## Task brief
Once the line with "Figure 8: Example of a locking liner" has been located in the records below, set down that line and all subsequent lines exactly, omitting the pictures.

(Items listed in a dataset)
---------------
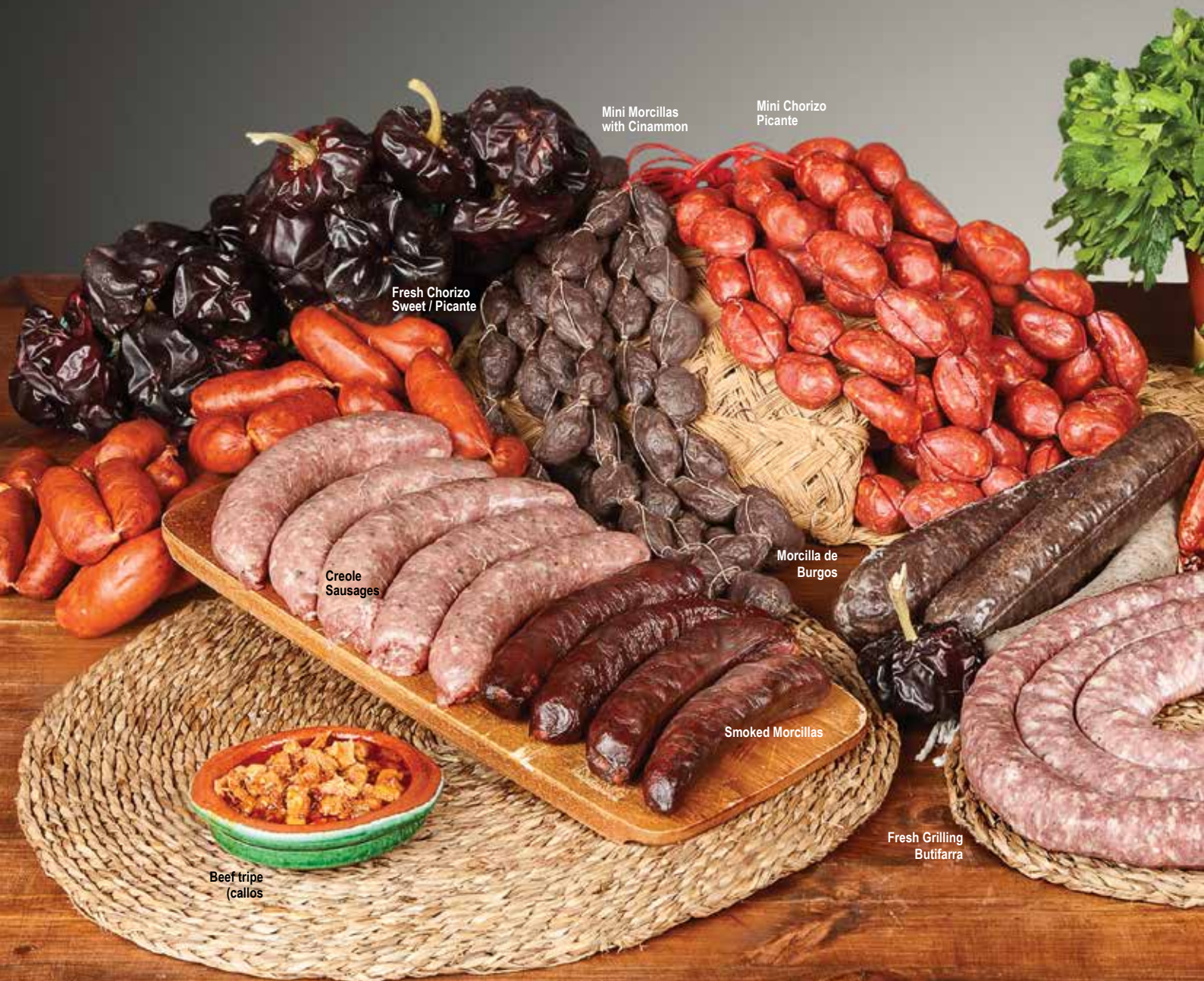
Mini Morcillas with Cinammon
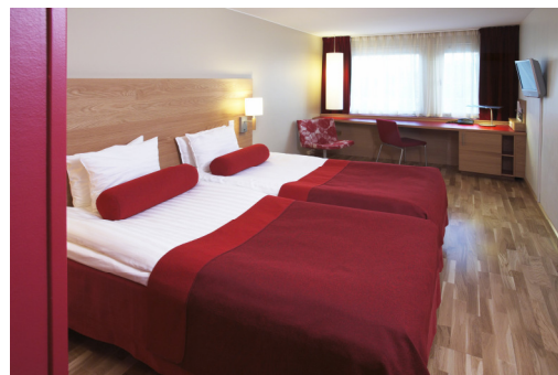
Doubleroom – 1290/night
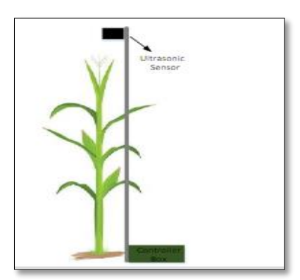
Figure 5. Layout Design

The device will be put precisely above the plant for height sensing in order to monitor the plant. Figure 3 shows the layout concept for placing the ultrasonic sensor.
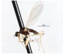
[Lateral] Platypalpus unguiculatus BIN URI: BOLD:ABA0579
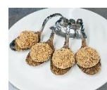
擂沙汤圆 Glutinous Rice Ball Coated With Crushed Peanuts
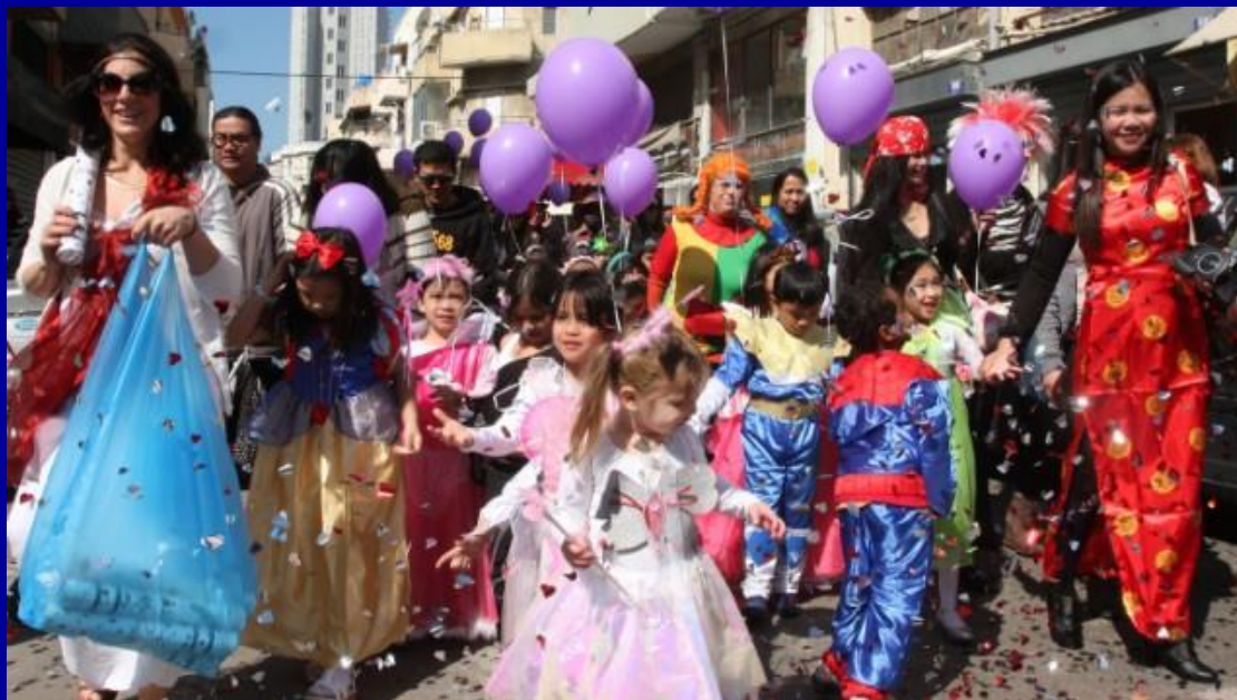
Children and Adults celebrating Purim

Purim is sometimes criticized as being a “ Jewish Halloween or Carnival. ” This is because, it is a tradition that people; especially the children in Jewish families dress up in costumes and wear masks for this joyful Festival. Additionally, this is the season when Jewish men are encouraged to liberally consume alcoholic drinks. However, they are forbidden to drink to the point at which they may lose the ability to discern good from evil. I intend to show ample evidence that those criticisms of the Purim Festival are wholly unfounded.
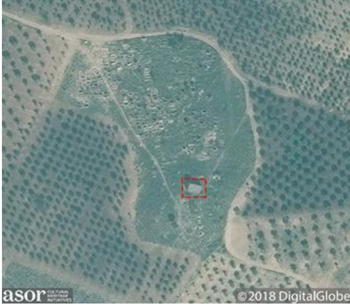
Anqale cemetery and Ali Dada shrine (located in the red rectangle) prior to destruction (© 2018 DigitalGlobe; February 5, 2018)
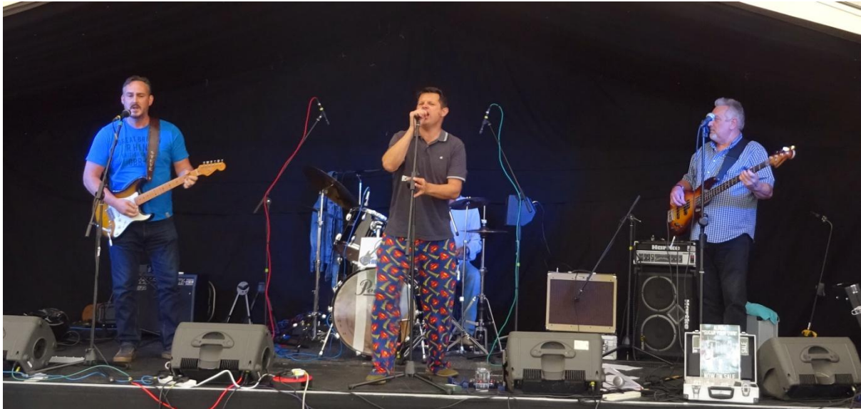
Chicago 9 http://chicago9.webs.com/

Some well put together blues rock from ' Chicago 9 ' on the Garden Stage. With harmonica driven front man and excellent vocals, they were a tight set-up, backed by a well organised bass and drums and proficient guitar player. A great up-tempo sound with a 'Feelgood' flavour.
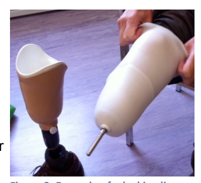
Figure 8: Example of a locking liner

Locking liner – this type of suspension involves a silicone or gel liner with a pin at the end. The pin locks into the socket of the prosthetic leg to keep it in place. A button on the side of the prosthesis releases the pin and allows the prosthesis to be removed.
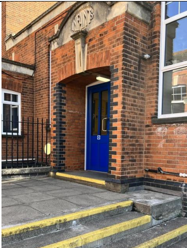
11. Jeffers Class door will be closed
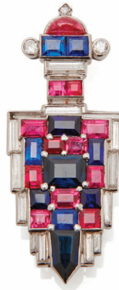
Lot 60. Platinum, Sapphire, Ruby, and Diamond Brooch, $2,000-4,000
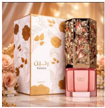
Raneen By Asdaaf R310.00 EDP 80ml (Dubai Replica Ladies)
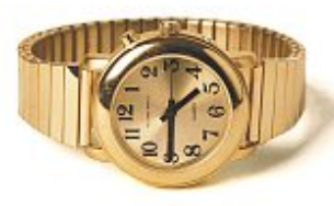
Talking watch for the blind
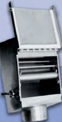
Popcorn, 4" dia.
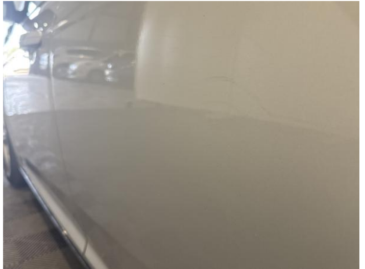
10: Door nsr Dented Between 10mm + 30mm
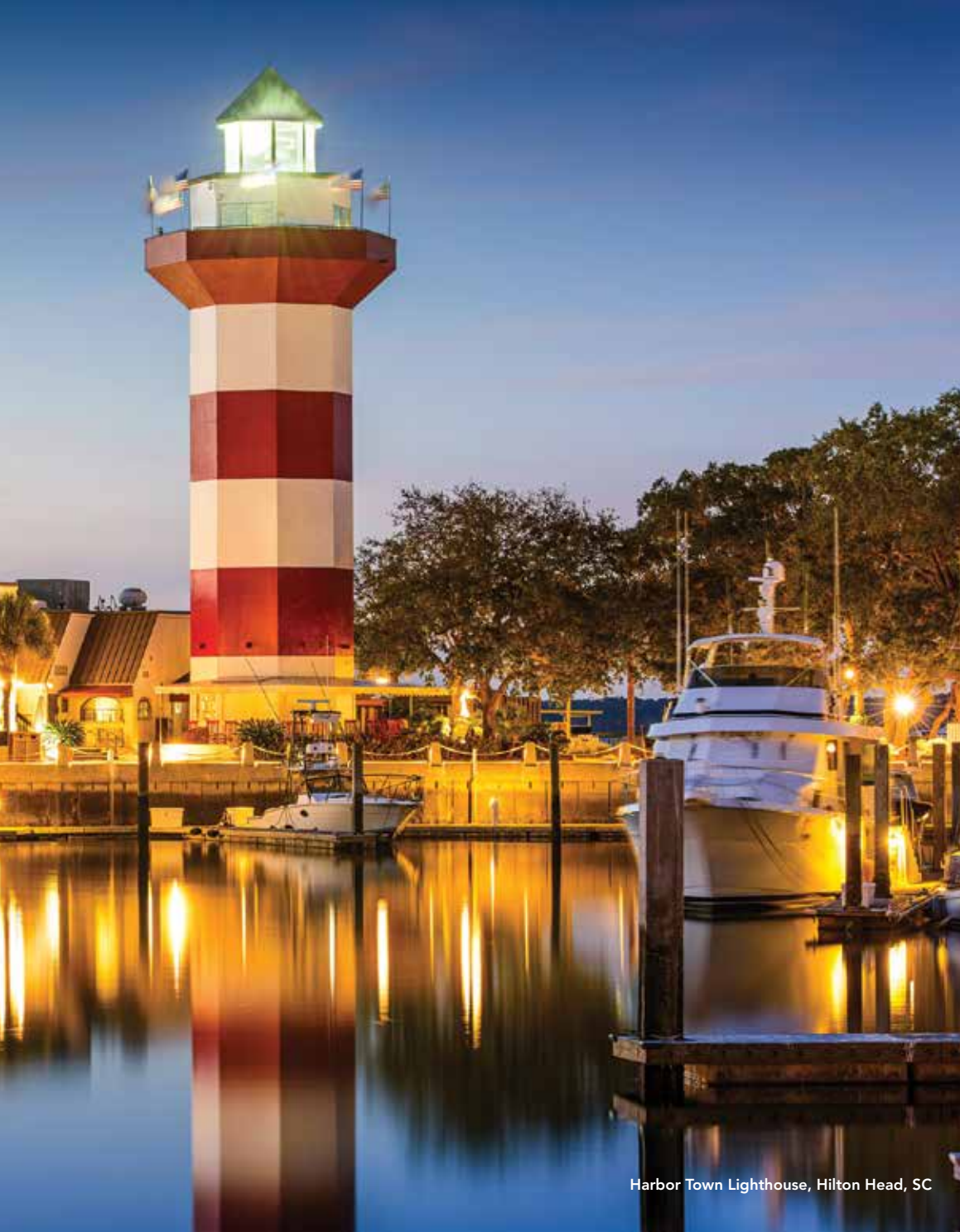
Harbor Town Lighthouse, Hilton Head, SC
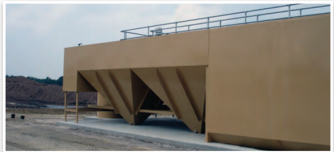
Shop Built Rectangular Plant For Flows up to 100,000 GPD
---------------
## Answer section
Figure 8: Example of a locking liner

Locking liner – this type of suspension involves a silicone or gel liner with a pin at the end. The pin locks into the socket of the prosthetic leg to keep it in place. A button on the side of the prosthesis releases the pin and allows the prosthesis to be removed.
11. Jeffers Class door will be closed
Lot 60. Platinum, Sapphire, Ruby, and Diamond Brooch, $2,000-4,000
Raneen By Asdaaf R310.00 EDP 80ml (Dubai Replica Ladies)
Talking watch for the blind
Popcorn, 4" dia.
10: Door nsr Dented Between 10mm + 30mm
Harbor Town Lighthouse, Hilton Head, SC
Shop Built Rectangular Plant For Flows up to 100,000 GPD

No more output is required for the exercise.